I had to change my strategy if I wanted to reach the top. Taking it super duper slow seemed to be my only option. It was a strenuous mind game placing one foot in front of the other at zero miles per hour since it is very unlike me. But it was the only way I wasn't going to lose my breath anymore. And it worked. We reached the second chair lift where people will be skiing from in a couple of weeks and captured more views.
 

You can barely make out the restaurant in the middle of the picture. It's over 8,500 feet at this point.
 
Bird, a rarity up there. 

Bird, up close. I love my camera.


The end of the Devil's Backbone. Too narrow for me to continue.
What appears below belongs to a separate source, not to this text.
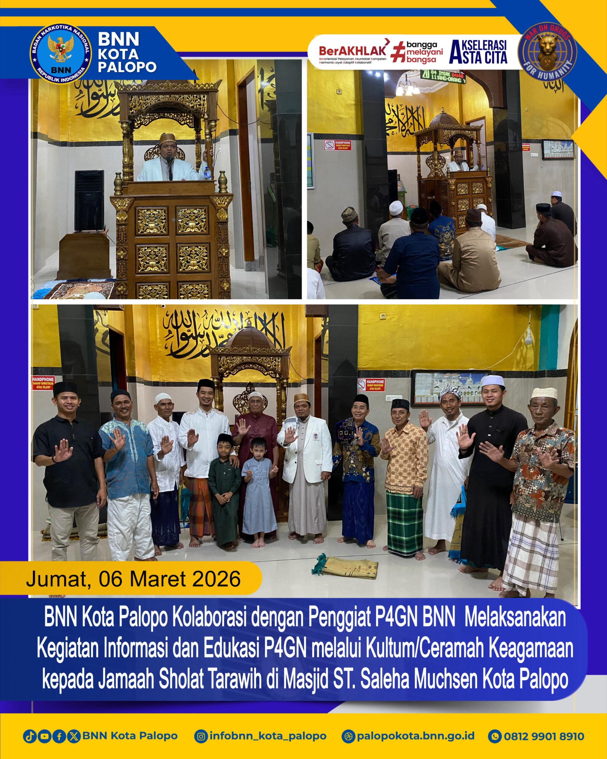 Ia juga mengajak jamaah untuk menjadikan masjid sebagai pusat pembinaan umat, tempat memperkuat iman dan takwa, sekaligus benteng moral dalam menghadapi berbagai tantangan sosial termasuk ancaman narkotika.

Found thispicture of Mt. Baldy on the internet. It appears to be a snow-capped version of the Devil to me.
I was thankful when we found a different route down, the Turkey Shoot. I thought it'd be less steep than the Devil and was glad for a second that I was going to save my toes from bleeding. But it was pretty bad. The rocks and the dirt made the trail very slippery. I envied those coming up with hiking poles. Leo even took a run making me believe he was going to end up a rock and dirt ball. But neither one of us fell. We were back at square one with shaky legs, safe and sound after a total of only four hellish miles. We've done twice as much hiking in one day but never at that elevation. I was still very proud of myself. And ready for some soup. It had gotten cold and I was ready to sit for the rest of the evening.
 
The descend, a slip and slide of sorts.

Leo wants to head back to Mt. Baldy during the snow season to ski. I told him he's crazy. I'd rather make love to the Devil again. Who's in?